If $\mathbb{E}\left[\lVert[ X\rVert^d\right]$ is finite then the integral in the question is necessarily finite. As mentioned, this holds whenever $\pi$ is radially decreasing. However, in the general case, you can swap regions with equal volume in $\mathbb{R}^d$ about in order to move the large probability regions closer to the origin. Doing this has no effect on the integral in question, but can only decrease $\mathbb{E}\left[\lVert[ X\rVert^d\right]$. So, it reduces to the radially decreasing case.

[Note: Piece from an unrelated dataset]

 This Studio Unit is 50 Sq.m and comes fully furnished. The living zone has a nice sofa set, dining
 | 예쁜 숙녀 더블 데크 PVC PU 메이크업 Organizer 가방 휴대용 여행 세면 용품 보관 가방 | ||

It isn't hard to make this idea more rigorous. If $\pi(x)$ is 'radially decreasing', so that it is a decreasing function of $\lVert x\rVert$, then

$$ \begin{align} \iint \min\left(\pi(x),\pi(y)\right)\,dxdy&=2\iint_{\lVert y\rVert\le\lVert x\rVert}\pi(x)\,dxdy\cr &=2K\iint\lVert x\rVert^d\pi(x)\,dx=2K\mathbb{E}\left[\lVert X\rVert^d\right] \end{align} $$

where $K$ is the volume of the unit ball in $\mathbb{R}^d$.

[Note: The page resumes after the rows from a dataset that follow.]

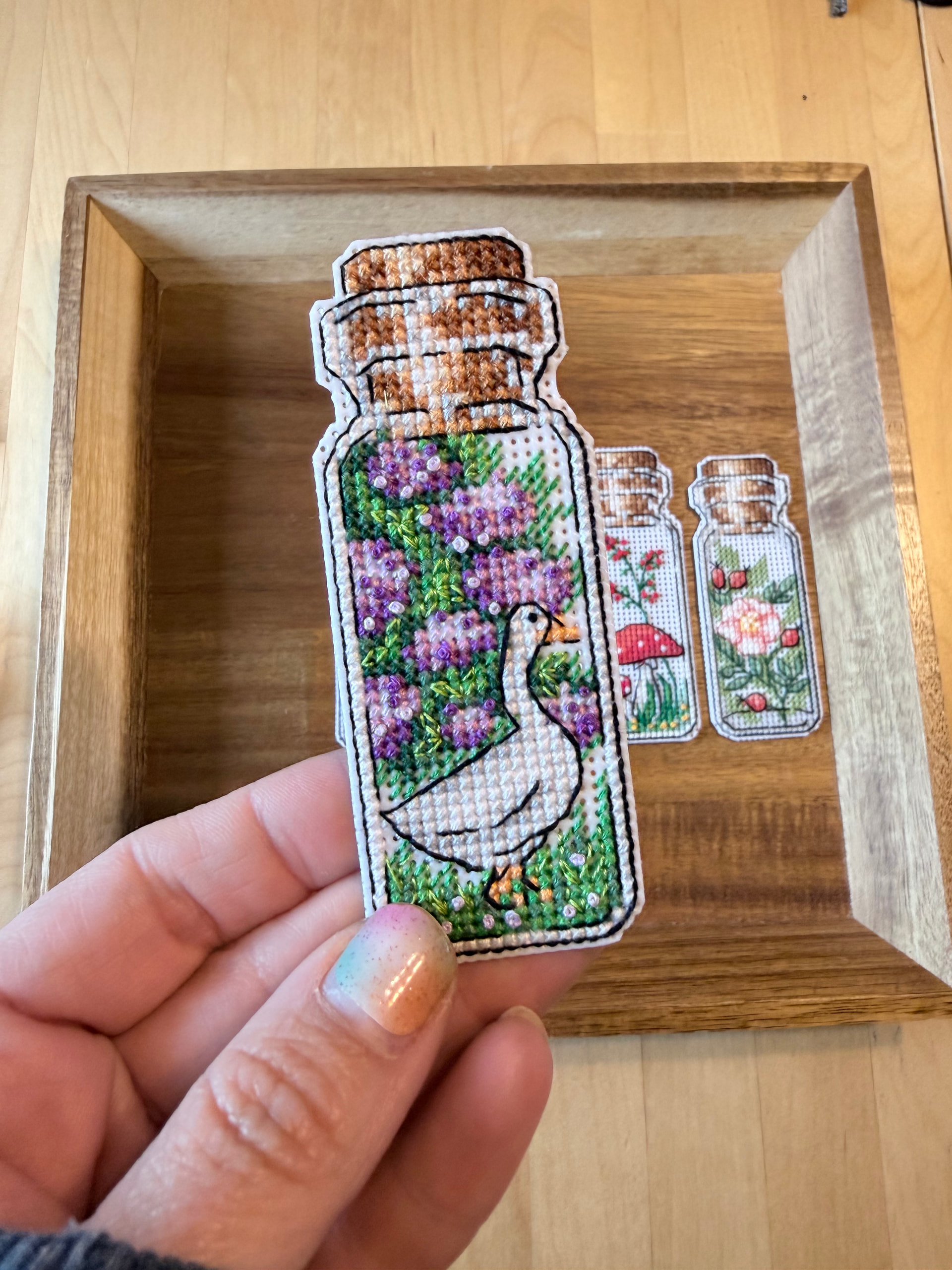 They’re made on 14 ct plastic Aida. I’m thinking they made be turned into magnets, but I’m open to other ideas!
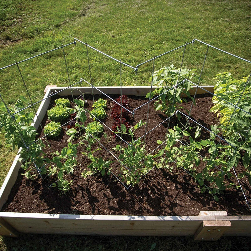 Heavy-duty galvanized wire fencing can be zig-zagged for optimal support of peas and other vining crops. Plants remain upright for easy harvesting. 5-panel design with 10 legs for sure support. Collapsible for easy storage. Made in the USA. 72″ L x 40″ H. Overall height: 48″. Wire gauge: 12 (.1040″). Quantity: 2 fences.
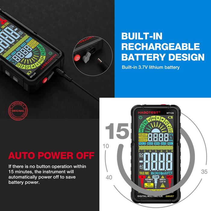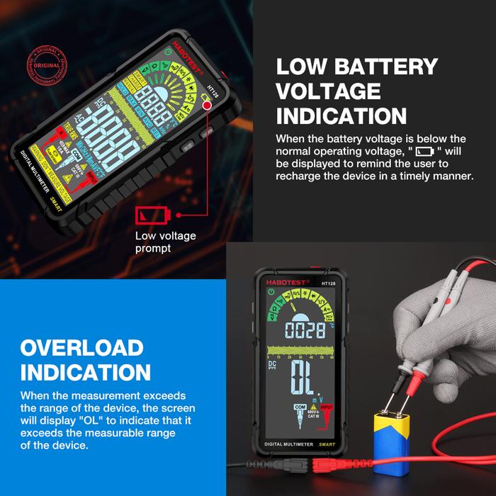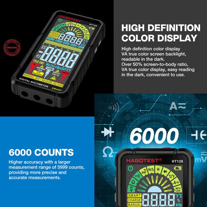 HABOTEST HT128 Multimeter Digital Meteran Voltmeter NCV Tester Lampu Latar LCD

In the general case, we have

$$ \mathbb{E}\left[\lVert X\rVert^d\right]=\int_0^\infty\int_{\pi(x)\ge p}\lVert x\rVert^d\,dxdp. $$

Letting $S_p=\lbrace x\colon\pi(x)\ge p\rbrace$ then, for a given volume $V_p$ for $S_p$, the integral $\int_{S_p}\lVert x\rVert^ddx$ is minimized when $S_p$ is a ball about the origin. In particular, if we define a radially decreasing function $\tilde\pi\colon\mathbb{R}^d\to\mathbb{R}$ by

$$ \tilde\pi(x)=\sup\lbrace p\in\mathbb{R}\colon K\lVert x\rVert^d\le V_p\rbrace $$

then $\lbrace x\colon \tilde\pi(x)\ge p\rbrace=\lbrace x\colon K\lVert x\rVert^d\le V_p\rbrace$ has volume $V_p$. So, $\mathbb{E}\_{\tilde\pi}\left[\lVert X\rVert^d\right]\le\mathbb{E}\_\pi\left[\lVert X\rVert^d\right].$

Also, the integral $\iint\min(\pi(x),\pi(y))\,dxdy$ is unchanged by passing to $\tilde\pi$. This follows from the fact that $\tilde\pi=\pi\circ f$ (almost everywhere) for some (Lebesgue) measure preserving Borel isomorphism of $\mathbb{R}^d$. Alternatively, the equality can be seen by showing that the integral only depends on $V_p$,

$$ \begin{align} \iint \min\left(\pi(x),\pi(y)\right)\,dxdy &=2\int\pi(x)V_{\pi(x)}\,dx\cr &=-2\int pV_p\,dV_p=\int_0^\infty V_p^2\,dp. \end{align} $$

So, better than just finiteness of the integral, we have the inequality

$$ \begin{align} \iint \min\left(\pi(x),\pi(y)\right)\,dxdy&=\iint \min\left(\tilde\pi(x),\tilde\pi(y)\right)\,dxdy\cr &=2K\mathbb{E}\_{\tilde\pi}\left[\lVert X\rVert^d\right]\cr &\le2K\mathbb{E}\_{\pi}\left[\lVert X\rVert^d\right], \end{align} $$

which is an equality whenever $\pi$ is radially decreasing.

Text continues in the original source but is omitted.